Adjustable Video Lamp




Introduction: Adjustable Video Lamp

About: Teaching and making electronics since - well I don't even know

If you shoot photos or videos, you know that you need ALL the light. A good video lamp must be adjustable - maybe you will need less light, or a little bit more warm white, less cold white. And sometimes some "color".

I decided to make my own lamp instead of buying one, because it's more fun and cheaper.

18 000 Lumen. That's a lot of light! But you can achieve this with average LED bulbs, if you use enough. 1600 Lumen per bulb, 6 cold white, 6 warm white. You can get the bulbs for $100-110, E27 sockets $20-30, assorted Wago pack $20, switches, wires, etc. for another $20. $200 tops. You can get 3600-5000 Lumen for the same price, if you buy a video lamp.

The goal is to have 4 switches, operating 2-2 and 4-4 bulbs, so you can turn on 0-2-4-6 bulbs. (0-3200-6400-9600 Lumen per warm/coldwhite "channel") A bit coarse, but totally okay for many applications.

I have some RGB LED bulbs, those cheap ones with IR remotes. They will be "always-on" since you can control them.


Steel hollow section, ~70 cm

15 E27 sockets

6 cold white LED bulbs

6 warm white LED bulbs

3 RGB LED bulbs

10 Wagos

plastic box

230V wire

Step 1: Boxing

I had some spare cable with a plug on one end, so I used it.

Electric boxes have nice prepared parts, where you can easily cut a not too big hole for your wire. No drilling needed! 3 Wago terminal blocks are needed this time - these will be our base!

⚠️Dumb Mistake Alert!⚠️

Electric boxes usually come with mounting holes/tabs for a reason. No one wants extra tension on the wires, so we will mount the box on something, no hanging! Mount either on the lamp's bar (horizontally) or on a pole (vertically) or somewhere else (you decide). It's a lot of work to re-wire the box just because "the other way" would be better!

Oh, and tie a knot on the wire to prevent slipping out. 110-230V AC can tickle!

Step 2: Wires

Get a cable stripper. It will be so much easier (and prettier) to work! And you will strip a LOT of wires. They will be ~40 cm long each.

15 wires from the box to the lamps, 4 wires for the switches and some in the inside. 2 ends + 2-2 wires. That's a lot of stripping. And a lot of waste. Get a bin.

Step 3: Fixed Lamps

Connect the 3 fixed sockets, make a hole in the box, plug it in. Thex will be always-on, so we can connect them directly to the main junction.

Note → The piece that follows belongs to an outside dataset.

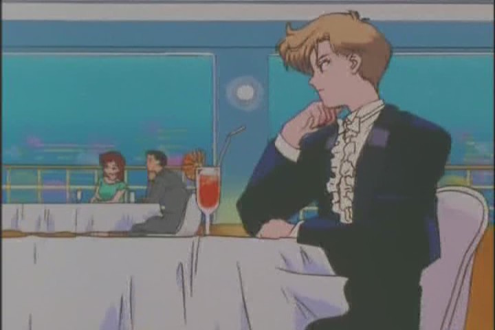 We’re in Tokyo Bay, aboard a cruise ship, and Michiru is playing her violin expertly as Haruka watches on in a tux, looking moody. I love how she’s always rocking an attitude.

Use an extra wire for that. (and 2 Wagos)

Step 4: The Adjustable Lamps

And of course, you will have to connect each lamp to a wire.

Now start grouping the wires. 2 warm whites, 4 warm whites, 2 cold whites, 4 cold whites. Each with its own Wago for mains and neutral. (you can group the neutrals to spare some Wagos and space, we switch the mains)

Step 5: Switches Get Stiches

4 wires will come from the mains, go through a switch, go back and go to each lamp group's mains Wago. It will be a bit confusing, the blue (neutral) will take the power to the switch, and brown (mains) will take the power from the switch to the lamps.

My switches (and probably every switch on Earth) are not prepared for this kind of job. They switch one wire and patch the other. No one said we can't loop it back!

Keep track of the switch-wire combo. I used browns for the warm whites, white switches for the cold white lamps. Color coding rules! Connect the "feedback" mains to each lamp block mains Wago.

Step 6: Final Box Assembly

The only thing remaining is to connect the switches to the mains. Blue wires suddenly turn to brown and supply the switches with power. We COULD have used Wagos here, but think about it: "4 blue wires going in a BROWN BLOCK???" while it's totally OK. We practically finished the wiring.

Step 7: Structural Parts

Electricity flows to our command, now mount the whole thing on something rigid. I had some remaining steel hollow section, 25x25 mm. About 60-70 cm long is sufficient.

I hope you got mountable E27 sockets. The principle: drill small holes in the frame according to your mounting holes. How? That L shaped steel is screwed on the socket. Detach all of them, arrange as you wish (⚠️DMA⚠️ keep enough distance, the bulbs are much wider) and I prefer riveting in this case. Maybe that L shaped steel has a thread and it's tempting to screw them, but it's either impractical (screw from the inside, how???) or too much work (tap every hole), so pop some blind rivets.

Step 8: Finishing Steps and Test Run

If everything went fine, the lamps will brighten your work and future!

The lamp can be mounted in many ways. You can have an unused tripod, some spare space on the wall, it's really up to you at this point. Tilting is optional, but recommended!

If you used steel hollow section or a tube, get some end plugs and paint the whole thing. And one more thing:

⚠️Don't forget to connect the protective earth/ground to the metal parts!⚠️

Thanks for reading and please share your opinions!